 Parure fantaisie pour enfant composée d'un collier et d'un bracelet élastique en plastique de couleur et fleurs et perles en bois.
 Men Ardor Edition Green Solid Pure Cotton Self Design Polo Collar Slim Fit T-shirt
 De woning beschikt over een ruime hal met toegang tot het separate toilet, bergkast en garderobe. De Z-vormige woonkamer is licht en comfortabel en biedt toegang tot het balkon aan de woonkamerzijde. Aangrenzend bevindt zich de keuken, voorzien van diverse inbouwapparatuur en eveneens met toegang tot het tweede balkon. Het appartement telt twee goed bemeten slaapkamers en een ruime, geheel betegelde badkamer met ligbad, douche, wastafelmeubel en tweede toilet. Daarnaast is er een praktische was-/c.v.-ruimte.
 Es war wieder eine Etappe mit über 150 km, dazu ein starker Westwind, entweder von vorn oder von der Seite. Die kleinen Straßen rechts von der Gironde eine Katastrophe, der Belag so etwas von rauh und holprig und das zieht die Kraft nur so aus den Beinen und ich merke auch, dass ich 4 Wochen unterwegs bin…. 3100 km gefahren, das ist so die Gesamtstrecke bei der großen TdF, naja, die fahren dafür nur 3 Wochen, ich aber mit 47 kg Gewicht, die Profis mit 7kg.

---

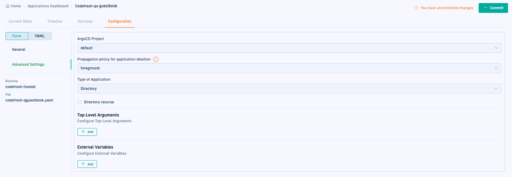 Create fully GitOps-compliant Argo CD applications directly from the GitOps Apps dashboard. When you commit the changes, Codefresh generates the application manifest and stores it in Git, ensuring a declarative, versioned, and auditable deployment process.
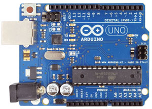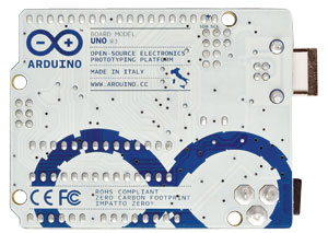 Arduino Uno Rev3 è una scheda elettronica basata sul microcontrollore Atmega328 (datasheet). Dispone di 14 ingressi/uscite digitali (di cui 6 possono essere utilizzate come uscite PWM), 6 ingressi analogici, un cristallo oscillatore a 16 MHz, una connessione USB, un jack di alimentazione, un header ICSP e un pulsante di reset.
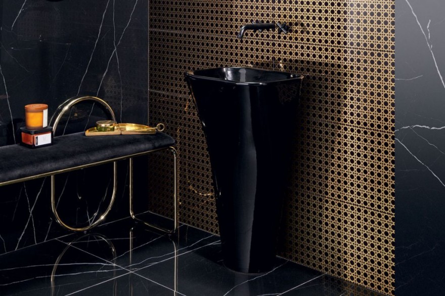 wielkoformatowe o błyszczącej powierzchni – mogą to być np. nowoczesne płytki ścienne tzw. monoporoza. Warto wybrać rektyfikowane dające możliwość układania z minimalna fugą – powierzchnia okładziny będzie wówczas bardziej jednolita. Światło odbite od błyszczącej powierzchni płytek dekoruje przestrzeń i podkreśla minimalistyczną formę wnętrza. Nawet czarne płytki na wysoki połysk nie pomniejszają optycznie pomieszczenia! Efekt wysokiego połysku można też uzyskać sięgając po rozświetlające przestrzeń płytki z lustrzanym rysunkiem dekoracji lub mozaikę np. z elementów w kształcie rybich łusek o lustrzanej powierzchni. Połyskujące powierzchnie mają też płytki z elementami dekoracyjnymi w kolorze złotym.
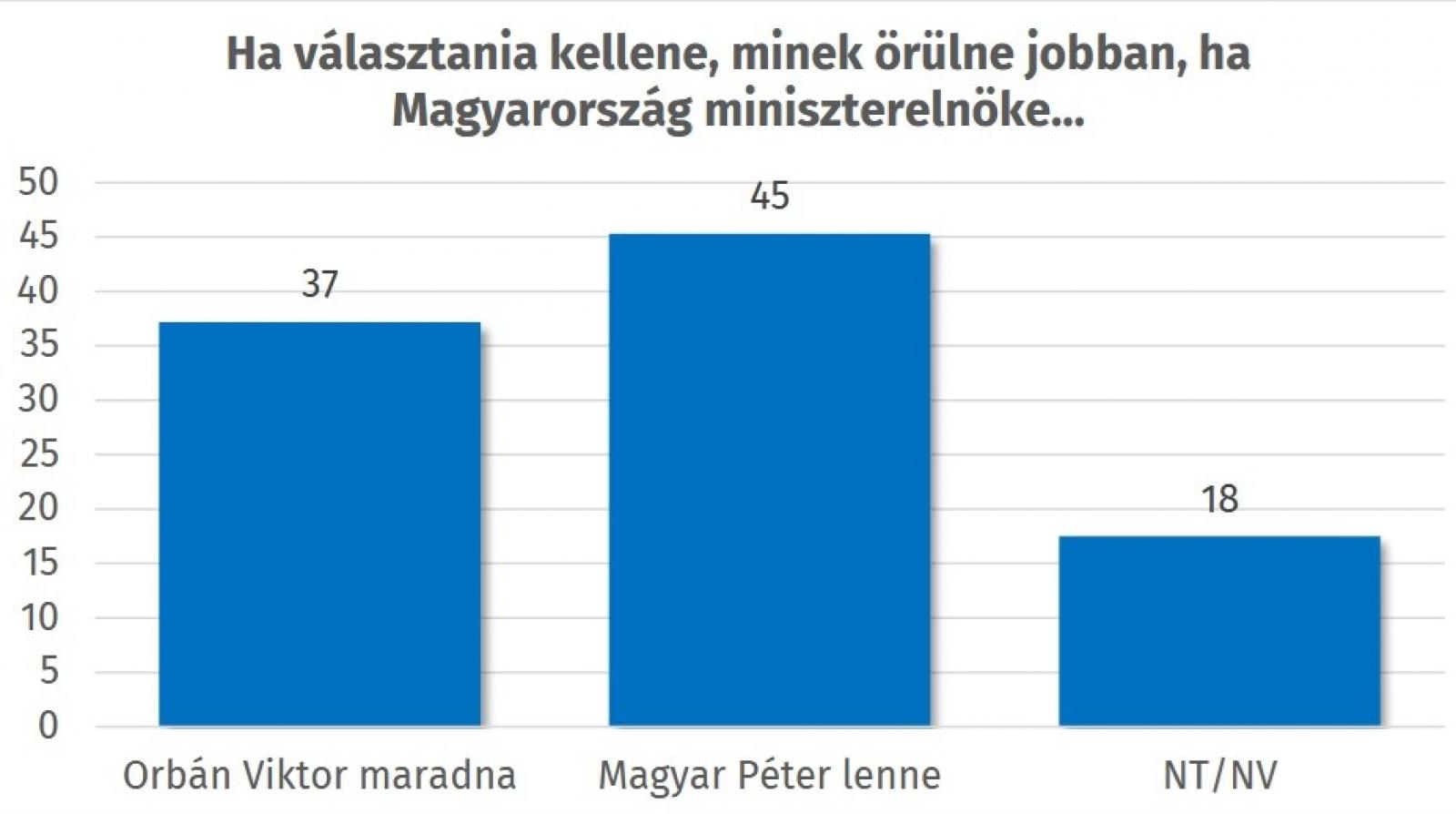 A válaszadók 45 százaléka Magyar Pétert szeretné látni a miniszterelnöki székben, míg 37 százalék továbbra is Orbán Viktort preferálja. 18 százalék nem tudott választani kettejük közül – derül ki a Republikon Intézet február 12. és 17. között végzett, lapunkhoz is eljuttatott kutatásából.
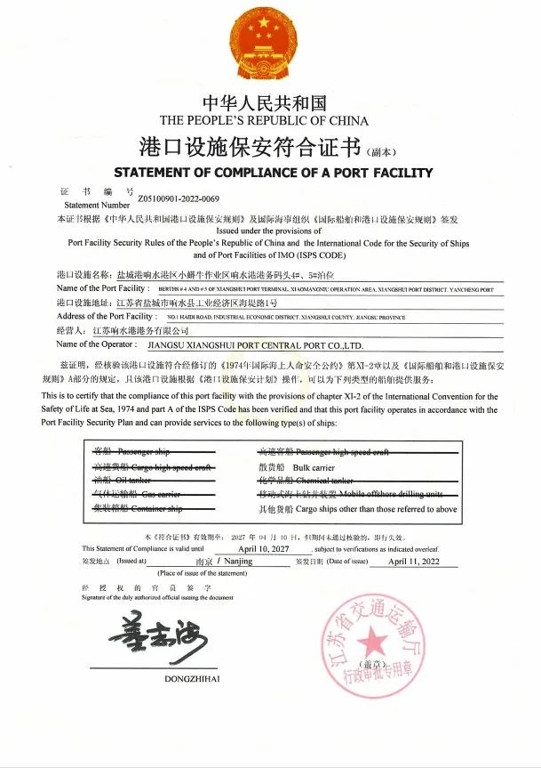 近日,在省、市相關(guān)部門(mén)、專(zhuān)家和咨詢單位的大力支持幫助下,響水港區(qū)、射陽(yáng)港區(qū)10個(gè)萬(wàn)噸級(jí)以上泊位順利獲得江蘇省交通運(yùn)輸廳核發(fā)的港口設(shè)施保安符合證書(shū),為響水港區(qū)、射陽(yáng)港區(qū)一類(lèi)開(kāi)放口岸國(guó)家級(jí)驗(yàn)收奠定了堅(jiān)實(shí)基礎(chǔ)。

---

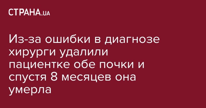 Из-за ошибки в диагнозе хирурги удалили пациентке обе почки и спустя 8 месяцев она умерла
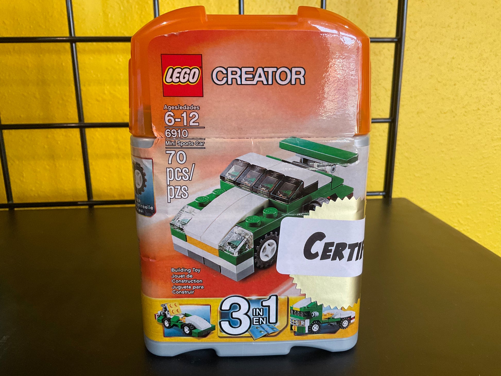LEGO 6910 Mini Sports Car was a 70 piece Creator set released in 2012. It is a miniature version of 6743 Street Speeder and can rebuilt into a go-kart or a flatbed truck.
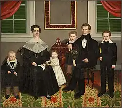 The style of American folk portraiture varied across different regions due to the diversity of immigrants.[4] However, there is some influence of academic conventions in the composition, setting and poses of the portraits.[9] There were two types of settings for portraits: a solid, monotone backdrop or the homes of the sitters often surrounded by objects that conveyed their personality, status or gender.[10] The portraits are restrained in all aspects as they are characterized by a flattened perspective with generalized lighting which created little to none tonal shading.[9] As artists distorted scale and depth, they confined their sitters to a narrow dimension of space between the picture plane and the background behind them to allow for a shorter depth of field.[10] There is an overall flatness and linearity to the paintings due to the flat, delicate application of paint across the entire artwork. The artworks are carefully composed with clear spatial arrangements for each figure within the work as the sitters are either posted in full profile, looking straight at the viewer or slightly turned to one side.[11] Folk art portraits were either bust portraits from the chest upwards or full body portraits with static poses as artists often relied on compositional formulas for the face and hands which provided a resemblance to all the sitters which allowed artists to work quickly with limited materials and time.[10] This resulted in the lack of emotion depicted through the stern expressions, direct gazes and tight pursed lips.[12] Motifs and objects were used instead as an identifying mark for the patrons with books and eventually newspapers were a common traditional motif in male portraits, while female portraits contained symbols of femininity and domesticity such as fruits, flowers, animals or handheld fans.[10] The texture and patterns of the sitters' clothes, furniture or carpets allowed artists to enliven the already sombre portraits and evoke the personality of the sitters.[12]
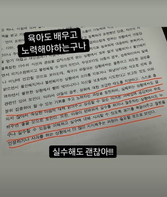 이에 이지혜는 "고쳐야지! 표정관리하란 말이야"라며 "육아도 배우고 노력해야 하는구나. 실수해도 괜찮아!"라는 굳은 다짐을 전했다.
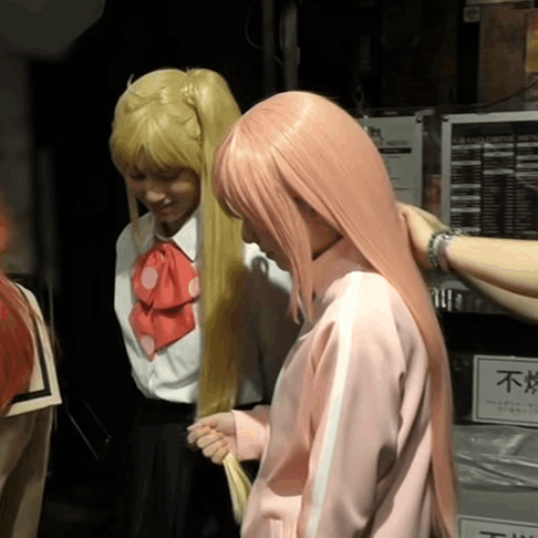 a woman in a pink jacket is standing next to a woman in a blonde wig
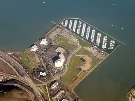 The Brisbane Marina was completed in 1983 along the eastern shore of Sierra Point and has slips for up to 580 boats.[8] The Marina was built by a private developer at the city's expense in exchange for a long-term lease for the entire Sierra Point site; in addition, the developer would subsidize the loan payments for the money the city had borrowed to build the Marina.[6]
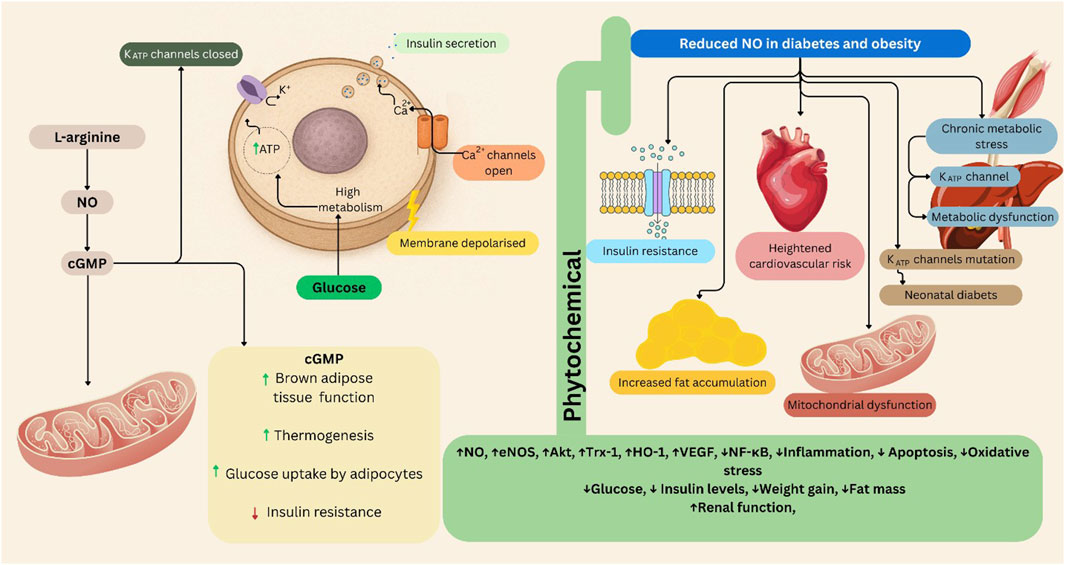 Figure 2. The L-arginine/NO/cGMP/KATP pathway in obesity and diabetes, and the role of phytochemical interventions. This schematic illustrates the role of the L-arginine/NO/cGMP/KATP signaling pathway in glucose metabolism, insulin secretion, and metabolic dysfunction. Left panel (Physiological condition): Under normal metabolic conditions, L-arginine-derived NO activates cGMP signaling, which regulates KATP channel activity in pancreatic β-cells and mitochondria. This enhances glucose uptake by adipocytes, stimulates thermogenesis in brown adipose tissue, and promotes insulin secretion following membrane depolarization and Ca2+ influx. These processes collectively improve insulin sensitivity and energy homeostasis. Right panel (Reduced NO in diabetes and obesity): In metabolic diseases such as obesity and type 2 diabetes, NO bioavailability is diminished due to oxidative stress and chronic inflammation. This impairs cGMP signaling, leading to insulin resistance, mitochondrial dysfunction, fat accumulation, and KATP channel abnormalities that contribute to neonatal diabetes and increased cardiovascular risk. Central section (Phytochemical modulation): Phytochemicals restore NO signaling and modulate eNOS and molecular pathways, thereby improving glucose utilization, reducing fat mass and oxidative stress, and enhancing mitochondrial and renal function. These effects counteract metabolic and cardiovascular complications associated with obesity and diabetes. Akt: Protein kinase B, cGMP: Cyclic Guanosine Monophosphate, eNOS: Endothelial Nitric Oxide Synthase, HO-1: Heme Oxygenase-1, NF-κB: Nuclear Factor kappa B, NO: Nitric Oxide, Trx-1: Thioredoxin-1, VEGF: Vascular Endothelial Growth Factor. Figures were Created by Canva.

- _What is needed_: Only the lines above from the one containing "a woman in a pink" through the one containing "The Brisbane Marina" should be returned, verbatim and inclusive, with pictures excluded.

- _Solution below_:
 a woman in a pink jacket is standing next to a woman in a blonde wig
 The Brisbane Marina was completed in 1983 along the eastern shore of Sierra Point and has slips for up to 580 boats.[8] The Marina was built by a private developer at the city's expense in exchange for a long-term lease for the entire Sierra Point site; in addition, the developer would subsidize the loan payments for the money the city had borrowed to build the Marina.[6]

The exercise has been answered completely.